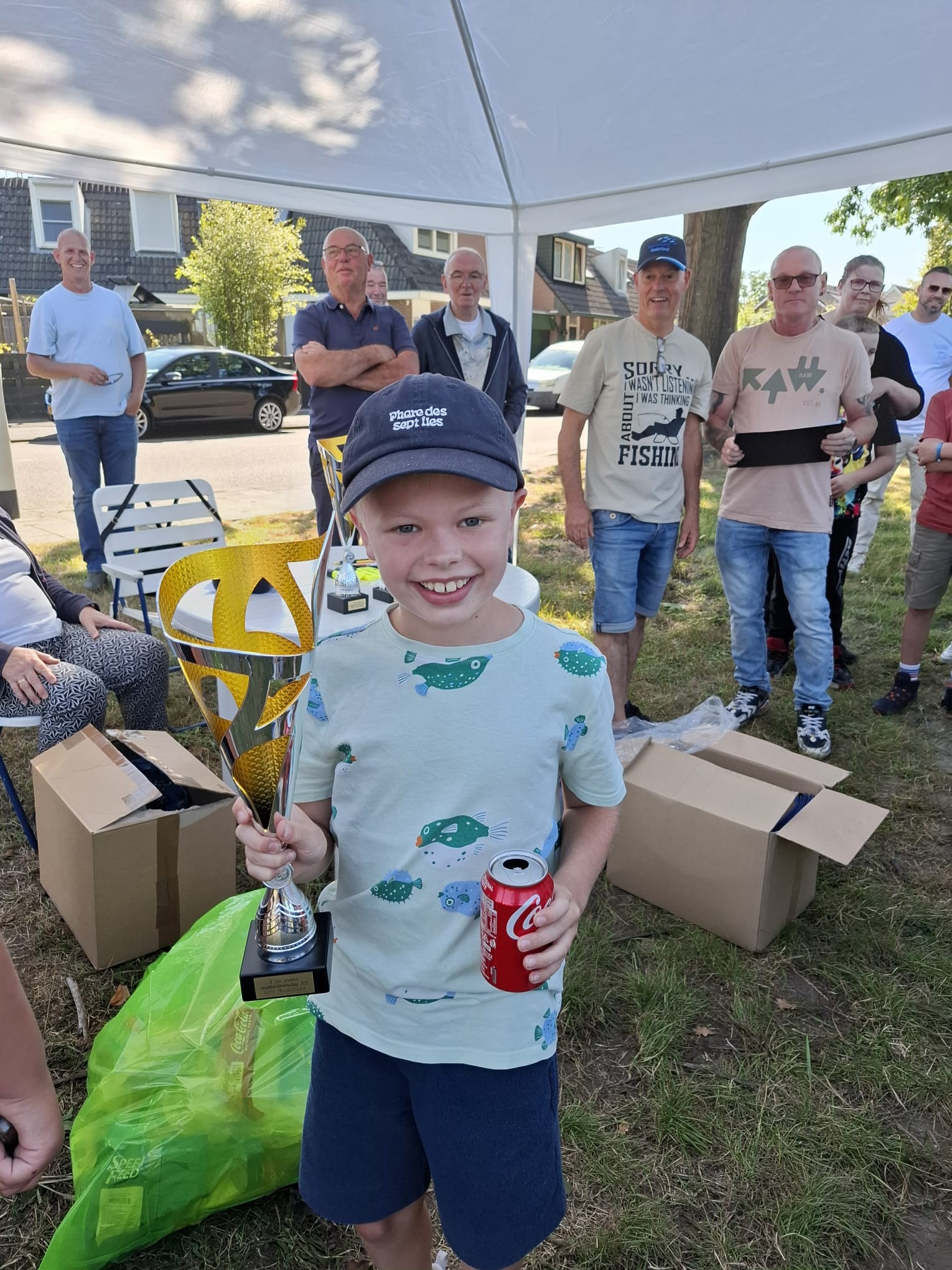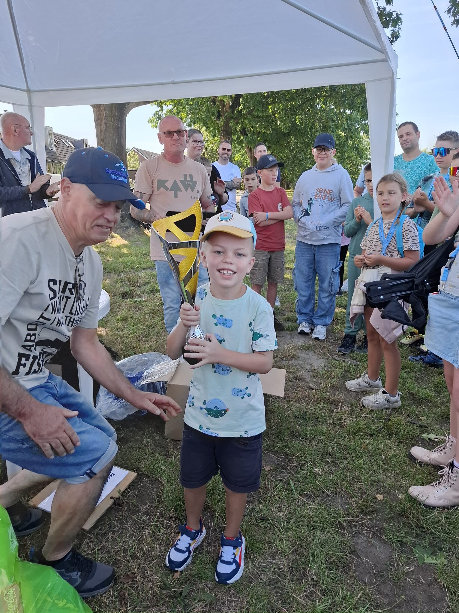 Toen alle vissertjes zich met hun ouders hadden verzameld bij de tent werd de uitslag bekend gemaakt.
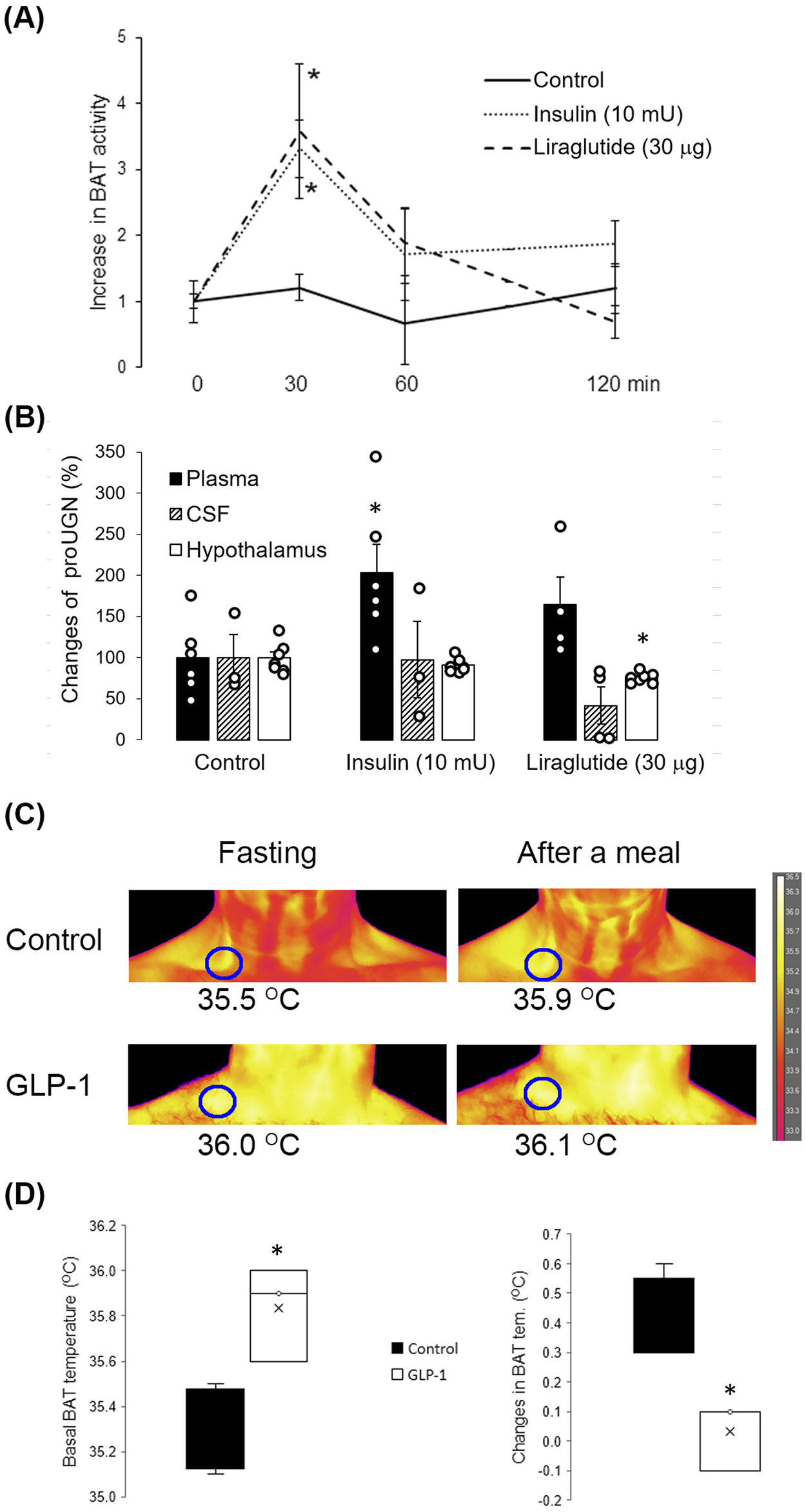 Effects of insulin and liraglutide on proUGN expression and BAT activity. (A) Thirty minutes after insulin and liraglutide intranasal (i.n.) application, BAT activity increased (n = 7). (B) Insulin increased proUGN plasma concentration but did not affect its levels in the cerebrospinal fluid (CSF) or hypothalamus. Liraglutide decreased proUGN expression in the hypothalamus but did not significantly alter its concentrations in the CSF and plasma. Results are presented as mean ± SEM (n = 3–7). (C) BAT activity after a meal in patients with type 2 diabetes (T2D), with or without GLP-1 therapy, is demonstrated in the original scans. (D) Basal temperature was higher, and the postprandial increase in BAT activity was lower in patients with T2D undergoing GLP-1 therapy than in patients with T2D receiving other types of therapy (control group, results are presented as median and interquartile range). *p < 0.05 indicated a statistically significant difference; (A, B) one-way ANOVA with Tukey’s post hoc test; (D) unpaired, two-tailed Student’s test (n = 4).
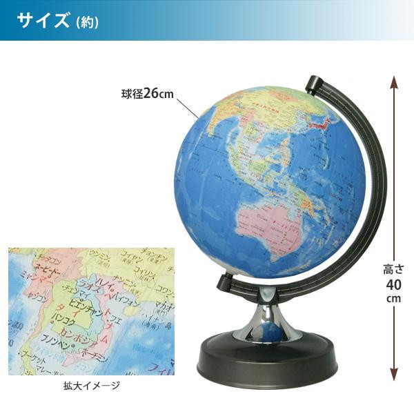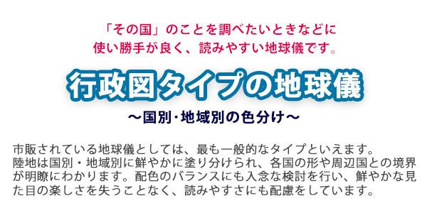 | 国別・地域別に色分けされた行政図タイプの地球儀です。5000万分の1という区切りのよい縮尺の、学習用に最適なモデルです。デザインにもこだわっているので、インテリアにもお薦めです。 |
# # #
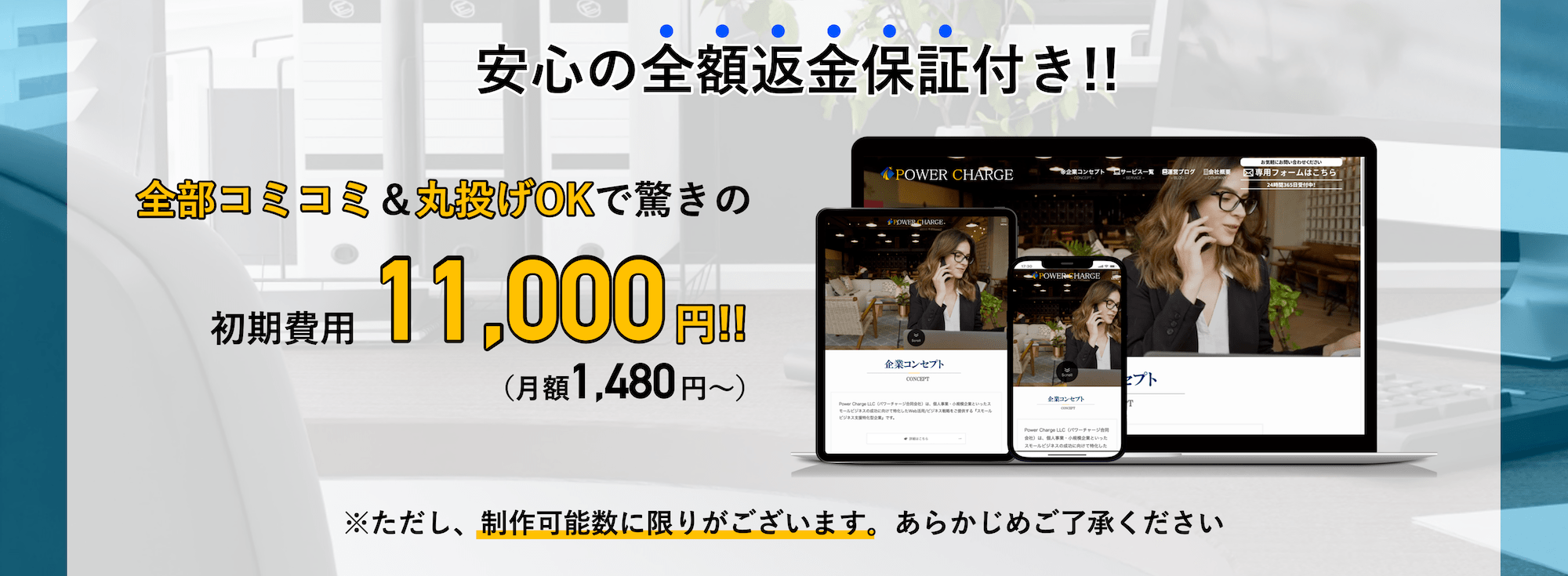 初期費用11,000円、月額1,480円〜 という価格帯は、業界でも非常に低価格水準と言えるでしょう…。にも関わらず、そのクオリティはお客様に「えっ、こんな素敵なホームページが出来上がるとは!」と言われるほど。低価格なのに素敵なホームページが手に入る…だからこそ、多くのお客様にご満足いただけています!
# # #
**What to do:**
Because only one stretch of the records is wanted, please output the lines from the one holding "Toen alle vissertjes" through the one holding "Effects of insulin" exactly, both included, and leave every picture out.

**Task result:**
 Toen alle vissertjes zich met hun ouders hadden verzameld bij de tent werd de uitslag bekend gemaakt.
 Effects of insulin and liraglutide on proUGN expression and BAT activity. (A) Thirty minutes after insulin and liraglutide intranasal (i.n.) application, BAT activity increased (n = 7). (B) Insulin increased proUGN plasma concentration but did not affect its levels in the cerebrospinal fluid (CSF) or hypothalamus. Liraglutide decreased proUGN expression in the hypothalamus but did not significantly alter its concentrations in the CSF and plasma. Results are presented as mean ± SEM (n = 3–7). (C) BAT activity after a meal in patients with type 2 diabetes (T2D), with or without GLP-1 therapy, is demonstrated in the original scans. (D) Basal temperature was higher, and the postprandial increase in BAT activity was lower in patients with T2D undergoing GLP-1 therapy than in patients with T2D receiving other types of therapy (control group, results are presented as median and interquartile range). *p < 0.05 indicated a statistically significant difference; (A, B) one-way ANOVA with Tukey’s post hoc test; (D) unpaired, two-tailed Student’s test (n = 4).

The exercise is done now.